Pure structural split of the monolithic api/accent_marker.py (493L) + api/furigana_marker.py (152L) into a focused package layout. Zero behavior change — verified byte-identical /MarkAccent/ and /MarkFurigana/ responses before and after. Layout: api/accent/ __init__.py re-exports accent_router, furigana_router README.md pipeline + accent_marking_type semantics models.py Request, ErrorInfo, WordResult, WordAccentResult, AccentInfo, FuriganaResponse, AccentResponse furigana.py Yahoo Furigana HTTP client (data layer) ojad.py OJAD scrape (HTTP + BS4 parse) align.py align_accent + numeric_pattern + punctuation_marks + skip_marks + clean_query + is_kana_or_kanji pipeline.py MarkAccent orchestrator (extracted from inline mark_accent handler) routes.py FastAPI routers + thin endpoint handlers main.py: drop `accent_marker` and `furigana_marker` from the `from api import ...` line; add `from api.accent import accent_router, furigana_router`; rename the two `include_router` calls accordingly. README.md documents the data flow (mermaid), AccentInfo accent_marking_type semantics (0=LOW, 1=HIGH, 2=FALL), heiban / atamadaka / nakadaka / odaka detection rules, file responsibilities, and the alignment algorithm. Forms the foundation for #47/#51 to extend with override / patch / postprocess layers. Verification: uv run ruff check api/accent/ main.py # all passed uv run mypy api/accent/ main.py # 8 files, no issues POST /api/MarkAccent/ → byte-identical to pre-refactor POST /api/MarkFurigana/ → byte-identical to pre-refactor Co-Authored-By: Claude Opus 4.7 (1M context) <noreply@anthropic.com>

Pure whitespace — single-line collapse where the joined signature / call fits within ruff's 88-char limit. No semantic change; mypy + ruff check still pass; runtime behavior unaffected. Co-Authored-By: Claude Opus 4.7 (1M context) <noreply@anthropic.com>

Tighten the no-behavior-change refactor based on Copilot's review on PR #52. Active findings: - pipeline.py: rename unused `ojad_surface` to `_ojad_surface` so F841 catches it if Ruff's unused-binding rule ever lands; the OJAD echo string isn't consumed here. - furigana.py: wrap `response.json()` in try/except. The docstring promised malformed payloads would surface via the FuriganaResponse envelope, but an invalid Content-Type / non-JSON body would have raised through.
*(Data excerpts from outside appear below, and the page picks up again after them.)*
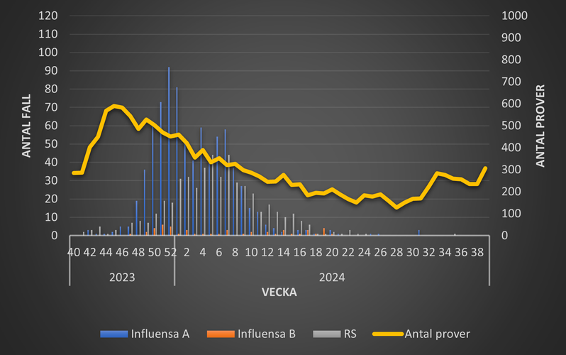 Här presenteras statistik över luftvägsvirus - influensa, RS och
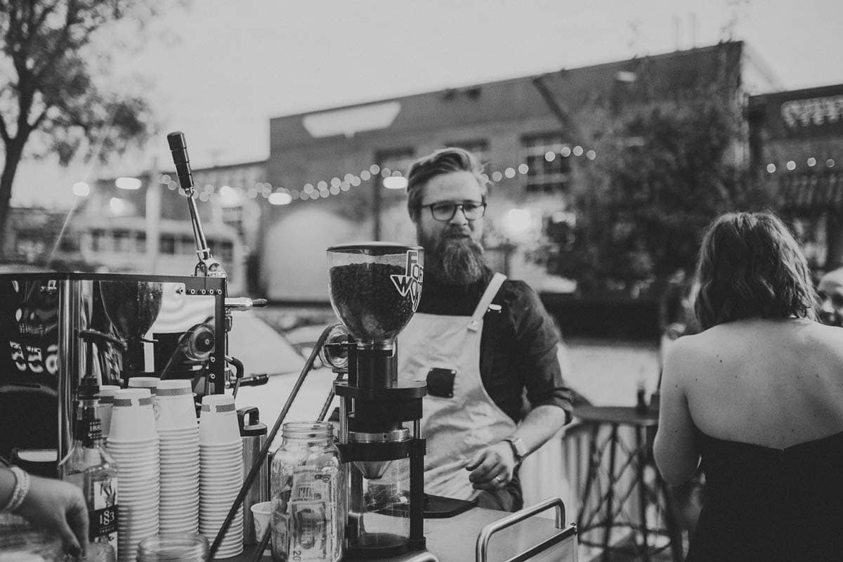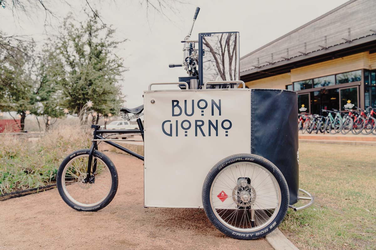 Buon Giorno Coffee Trike Stuart Reed, owner and operator of the Buon Giorno Coffee Trike, calls himself the “Pedalista Barista.” The coffee trike, an associate business of the popular coffeehouse and roaster for which it’s named, boasts a pedal-grinder that produces, without electricity or batteries, the finely ground stuff needed to turn out espresso drinks. “People have been very impressed at the depth of my offerings despite the small footprint. My specialty is not only espresso, but machiatto, cappuccino, latte, chai tea latte, hot dark chocolate and everything in between,” says Reed. “A lot of folks book the trike during the cocktail hour, around the cake cutting or around the send-off, and oftentimes during the entire reception in order to keep the energy up and people having a good time.” Reed enjoys the reactions his unusual contraption elicits. “Coffee just makes people happy, and especially doing it in such a theatrical way,” he says. “It’s the perfect combination of my three biggest passions — coffee, bikes and sustainability.” Call 817-995-5792 or visit bgtrike.net.
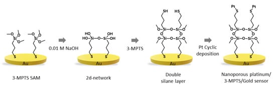 The fabrication of the sensor involved immersing the prepared gold electrode in the MPTS solution. MPTS was chosen in this self-assembly approach as, structurally, it possesses two reactive functional groups—the thiol tail and the methoxy headgroup. The thiol tail allows covalent attachment to the gold surface, while the methoxy group can undergo hydrolysis and condensation reactions [24]. This immersion resulted in the attachment of a self-assembled monolayer of MPTS onto the surface by the formation of Au–S bonds. The electrode was then immersed in 0.01 M NaOH, causing the hydrolysis of the self-assembled monolayer through a polycondensation reaction, forming exposed silane units arranged in a 2-dimensional (2D) network. A second immersion of the electrode into the MPTS solution resulted in the formation of a second silane layer via Si-O-Si bonds, producing a surface containing many exposed thiol moieties. The fabrication process of the sensor is shown in Scheme 1. Chemisorption of a nanoporous platinum surface onto the MPTS 2D network was performed by the electrochemical co-deposition of a platinum–copper alloy and the subsequent electrochemical dealloying of the less noble copper using a previously described method [25]. A platinum–copper layer was deposited during the cathodic scan, while removal of the less noble alloying partner in the return scan yielded a porous platinum structure.
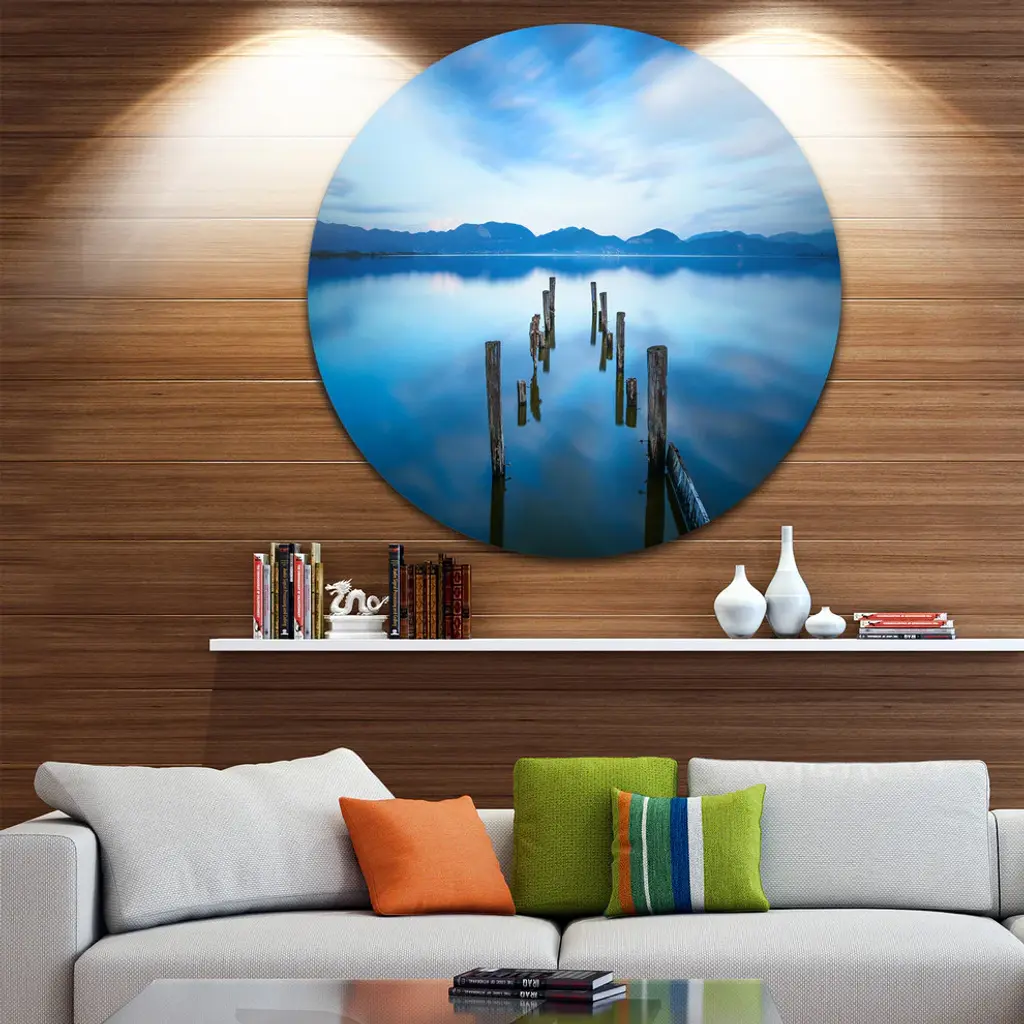 Bring Contemporary Abstraction to your home with this large Circle Metal wall art. This Deep into the Sea Pier Metal Artwork makes it the focal point of any room or office. - White Gloss Coating ensures colors are extra vibrant with light reflection.- Aluminum grade Sheet Metal with 1 inch mounting frame on the back giving the illusion that the artwork is floating on the wall..- Mounting Brackets are included along with instructions.- High Quality Digital images are created directly into a glossy aluminum panel producing a stunning and captivating print into the glossy finish of the metal.- Water, Fire and Scratch resistant HD Aluminum panels.- Looks better than any photo paper and guaranteed to last at least 20 years- Easy to clean with a microfiber cloth. Colors are far superior to regular Canvas Art. - Easy to Hang
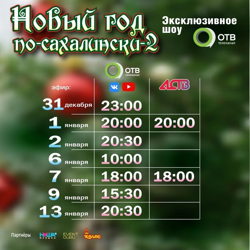 На Сахалине в новогоднюю ночь выйдет в эфир эксклюзивное шоу «Новый год по-сахалински 2». Производством программы занимается телекомпания ОТВ — все детали проекта держатся в строжайшем секрете, однако организаторы обещают яркое зрелище и сюрпризы для зрителей.

Catch ValueError and return a 500 envelope. - ojad.py: switch `raise e` -> bare `raise` and `logger.error(f"...")` -> `logger.exception(...)` to preserve the original traceback. - models.py: "describe" -> "describes" (x3 occurrences); "givent" -> "given". Low-confidence findings also addressed: - align.py module docstring used to claim `punctuation_marks`, `skip_marks`, and `clean_query` are consumed by alignment. They aren't — they're carried over from the pre-refactor module for the downstream PR #47 to use. Reword to reflect that. - clean_query docstring overclaimed punctuation stripping; it only filters ASCII letters. Reword + rename the local comprehension var from `chr` to `char` to stop shadowing the builtin. Verified: uv run ruff check api/accent/ main.py # all passed uv run ruff format --check api/accent/ main.py # 8/8 formatted uv run mypy api/accent/ main.py # 8 files, no issues POST /api/MarkAccent/ + /MarkFurigana/ routes still register Co-Authored-By: Claude Opus 4.7 (1M context) <noreply@anthropic.com>

Two cleanups from Copilot's follow-up review on the fix commit: - README mermaid diagram labels `align_accent` as "DP alignment", but the surrounding prose (lines 99/107) correctly calls it "single-pass greedy". DP is a future PR (#47). Rename the node to "Greedy alignment" so the diagram matches the implementation. - `align.py:122` had a comment typo "regard as punchutation" → "regarded as punctuation". No code changes; docstring / comment / diagram only. Co-Authored-By: Claude Opus 4.7 (1M context) <noreply@anthropic.com>

wade00754

LGTM. But I have identified some additional issues in align.py and will review whether they still exist in future PRs.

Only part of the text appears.